# Gut dysbiosis and immune dysfunction induced by chronic cola replacement of water in rats: not just a sugar problem

**Authors:** Huijie Gao, Wanru Li, Xin Wang, Yan Ren, Xiao Li, Chao Liu

PMC · DOI: 10.3389/fnut.2025.1707842 · Frontiers in Nutrition · 2026-02-04

## TL;DR

Replacing water with cola for 8 weeks in rats caused gut microbiome changes and immune and kidney issues, regardless of sugar content.

## Contribution

A novel rat model shows that long-term cola consumption, even sugar-free, disrupts gut microbiota and harms immune and renal health.

## Key findings

- Both sugar-sweetened and diet cola caused immune suppression and changes in gut microbiota diversity and abundance.
- Diet cola led to elevated transaminases, while sugar cola increased renal stress markers like blood urea nitrogen.
- Microbiota shifts correlated with immune organ indices and kidney function indicators.

## Abstract

Excessive sugar-sweetened beverage consumption like cola is a worldwide public health problem. However, the effects and mechanisms of replacing water with cola (either as sugar-free cola or sugar-sweetened cola) on intestinal microbiota and overall health remain unknown, prompting this investigation.

To address this, we created a new experimental model in which cola completely replaced drinking water.
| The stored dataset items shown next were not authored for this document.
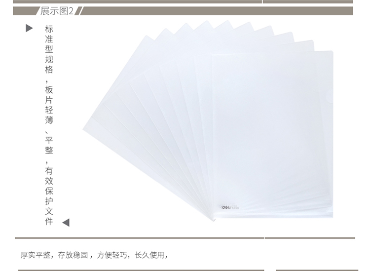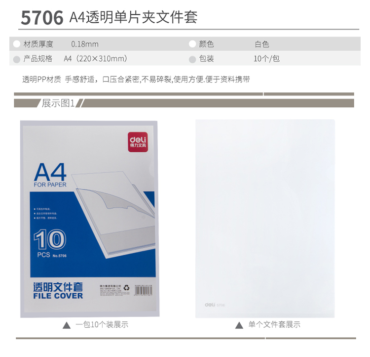 商品名称:得力A4透明单片夹5706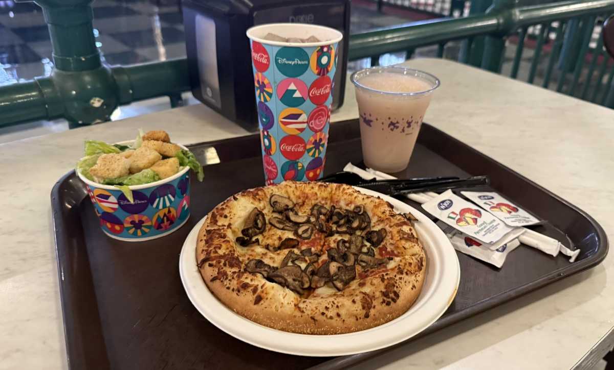 One last meal at PizzeRizzo: mushroom pizza and a side salad enjoyed upstairs in the unforgettable Muppet wedding reception room. A quirky farewell to a Disney hidden gem.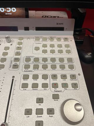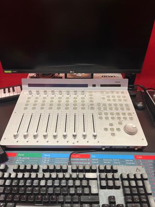 Controller DAW Icon Qcon Pro, ideal para producción musical. - Superficie de control con faders y botones. - Diseño plateado y blanco.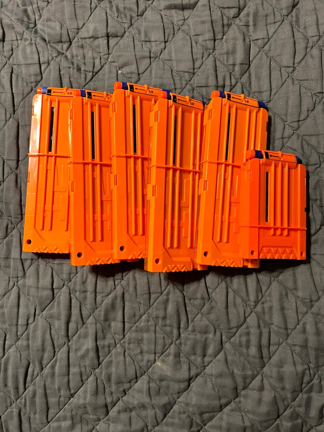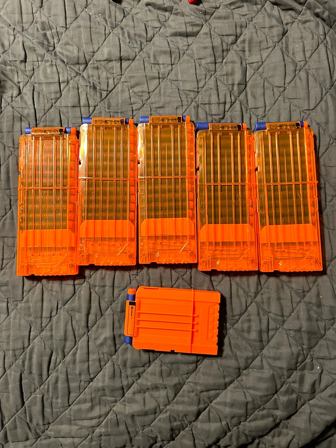 6 Nerf Magazines With Brand New Darts Lot. Each magazine has all new darts and there are 30 extra new ones. price is for all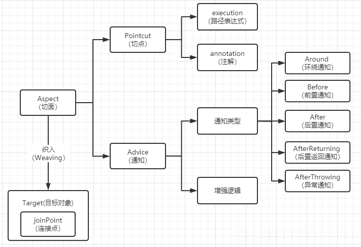 (2)切面(Aspect):抽象出的通用组件能够横切多个对象。Aspect切面相当于Pointcut切点与Advice通知的结合体,由多个Pointcut切点与Advice通知组合而成。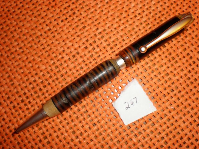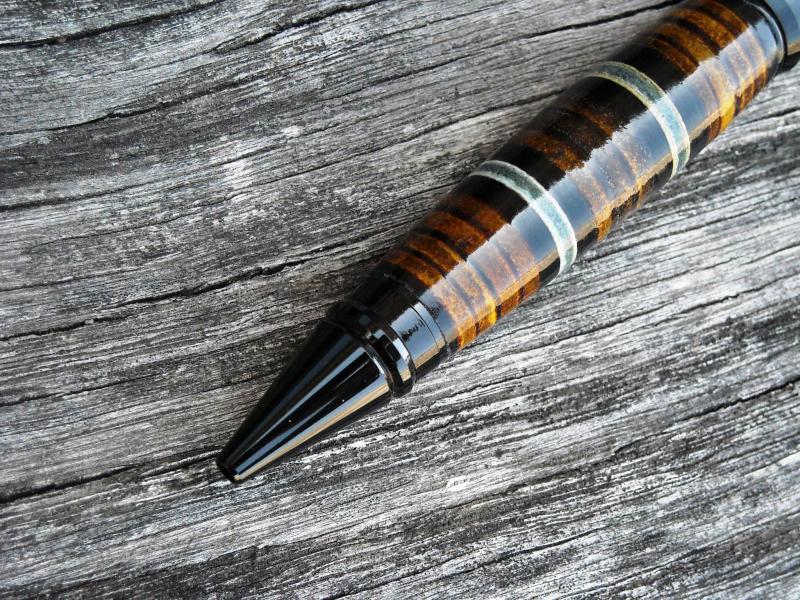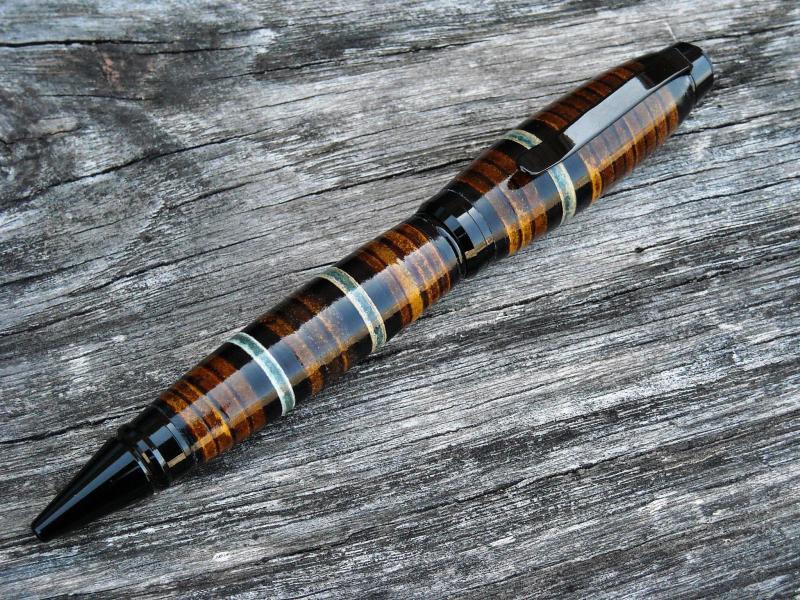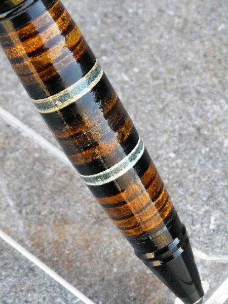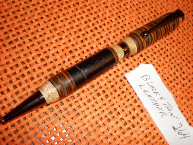 I only used medium CA and started building the layers just a few at a time. I did start about ¼" from the ends and anchored my first layer there. That way I could go back and fill in the ends as necessary. On most of the layers I used just a simple 12 inch bar clamp, one pad against the end of the tube, and the other pad pressured against a ½" or so i.d pipe that was compressing the layers uniformly around the tube. Does that make sense? Once completed, I soaked (and I mean "soaks till it drips") :biggrin: with thin CA and shots of accelerator. When I felt that all layers had soaked in enough CA, I trimmed the edges on a sander, and started turning with a small spindle gouge, the woodchuck, and then final shaping with a skew. All the time I was doing this, I would stop the lathe on a constant basis and if the leather looked "dry" I would soak and spray again. Once final shape was there, I sanded through 800-1200 and then coated it with BLO, and sanded again from about 600-1200 ( The BLO seemed to "raise" the leather somewhat like wood will do). After 8-10 coats of thin CA the first few and medium to finish it out this was the result.

Twenty-four Sprague-Dawley rats were randomly divided into three groups (n = 8): water, cola (sugar-sweetened), diet cola, for an 8-week intervention. Body weight, body length, BMI, organ indices, hematological, and serum biochemical parameters, and gut microbiota (16S rRNA gene sequencing) were determined.

Both colas resulted in immune suppression (lower thymus index and leukopenia) and decreased total protein. The cola group showed renal stress [higher blood urea nitrogen, (BUN)] and a significant increase in spleen index. The diet cola induced a significant transaminases elevation compared to the cola group. Both colas significantly altered intestinal microbiota structure, including changes in diversity and abundance (e.g., shifts in Firmicutes and Bacteroidota proportions and in the abundance of Ligilactobacillus and Lactobacillus). Co-abundance network showed complicated relationships, mostly involving Lactobacillus, Romboutsia, and other taxa. Furthermore, Bacteroidota and unclassified Lactobacillus were significantly correlated with immune organ indices (thymus, spleen) and BUN.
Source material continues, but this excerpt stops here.